Almost certainly. To get a work visa, you must either sign up to the public healthcare system or acquire private medical insurance that covers you in Russia.

You may still be able to access the full breadth of state healthcare provisions without a work visa or a job. Check with a Russian medical insurance company if you’re in this situation.

In either case though, you should strongly consider taking out a private policy.
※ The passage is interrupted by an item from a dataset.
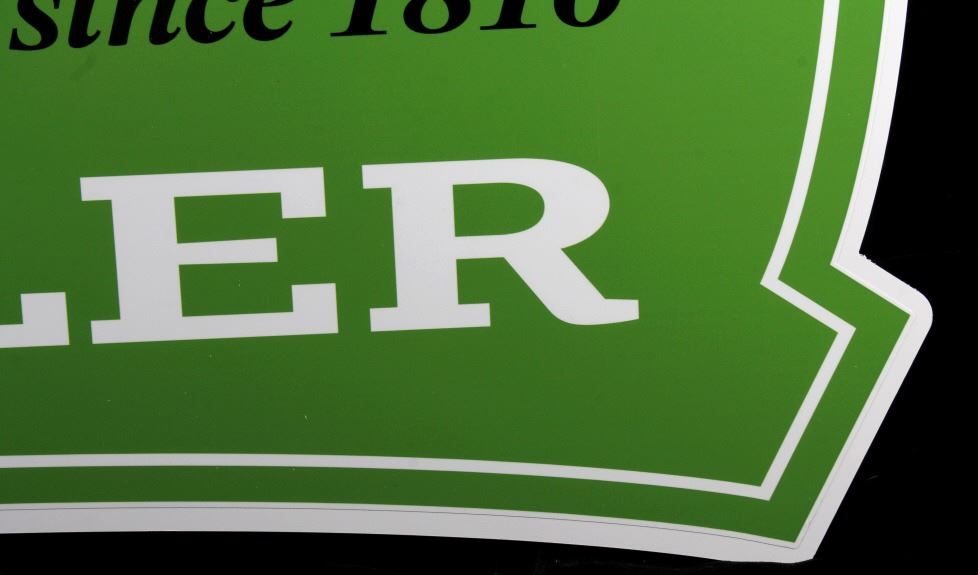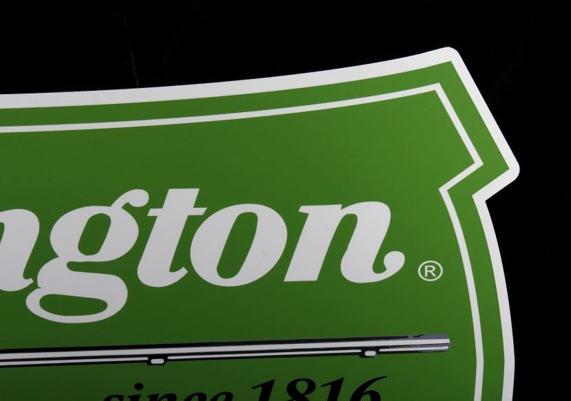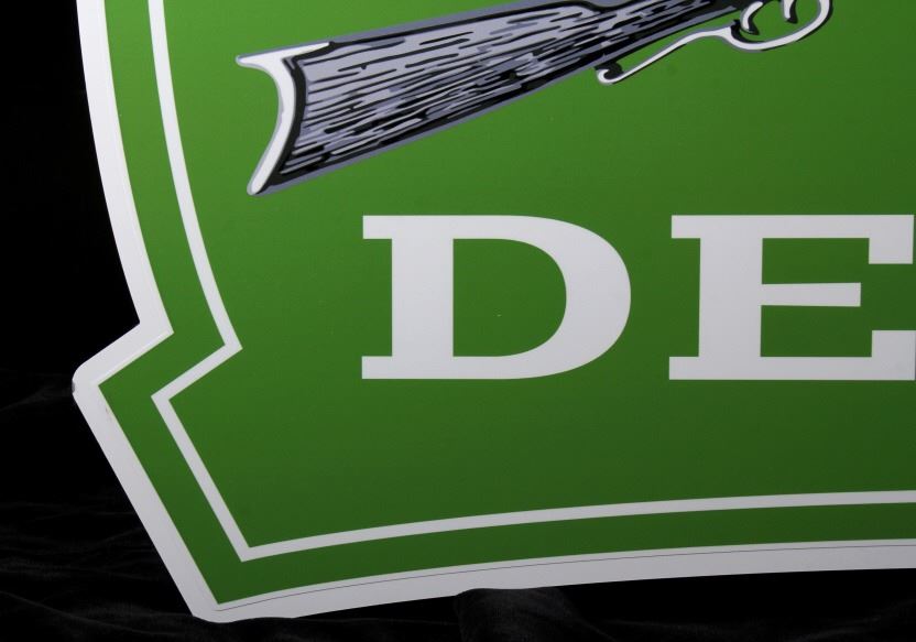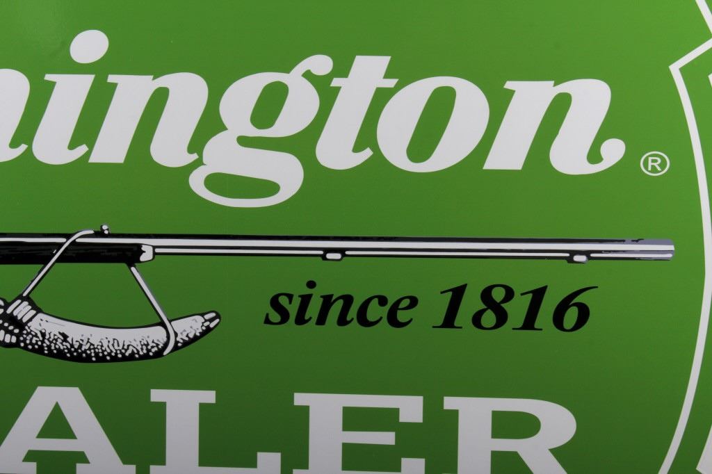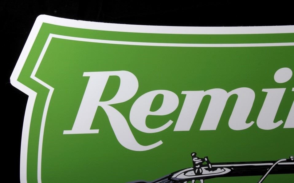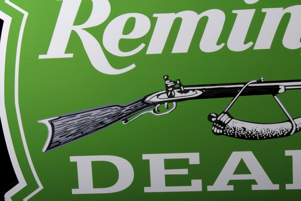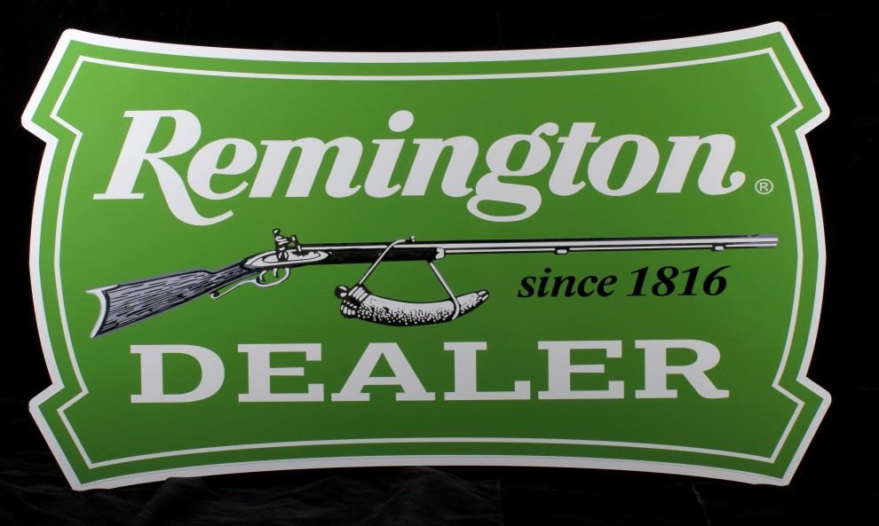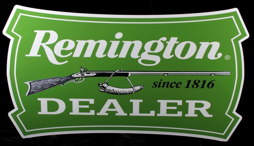Offered in this lot we have a Remington dealer advertising sign. The sign shows a primarily green background with a Remington black powder rifle and horn. The sign reads "Remington - Since 1816 - Dealer". The is modern sign is in good condition overall. The sign measures 36" long by 21" tall.

The Russian public healthcare system is overburdened, underfunded, and filled with underpaid, overworked staff.

As ever, you can get the best coverage and treatment possible by going private.

Benefits of private medical cover in Russia

  • Shorter waiting times
  • Peace of mind
  • You’ll receive the highest level of care available
  • The overall quality of health services is low, making it more important that you get the best care around
  • Medical equipment is typically much more technologically advanced
  • Fewer unexpected out-of-pocket expenses means you can budget your healthcare in advance
  • The staff will be more likely to speak English
  • The paperwork is also more likely to be in English

How much does health insurance cost in Russia?

For an individual

You should expect to pay around $1,150 per year for private cover in Russia, which comes to $96 per month.

It’s worth getting a few different quotes though, as prices can vary massively.

For a family

To cover a family of four in Russia, it’ll cost you around $4,285 per year.

That means you’ll pay about $3 per day, per person to secure peace of mind – and the best level of care in the country, ready if you ever need it.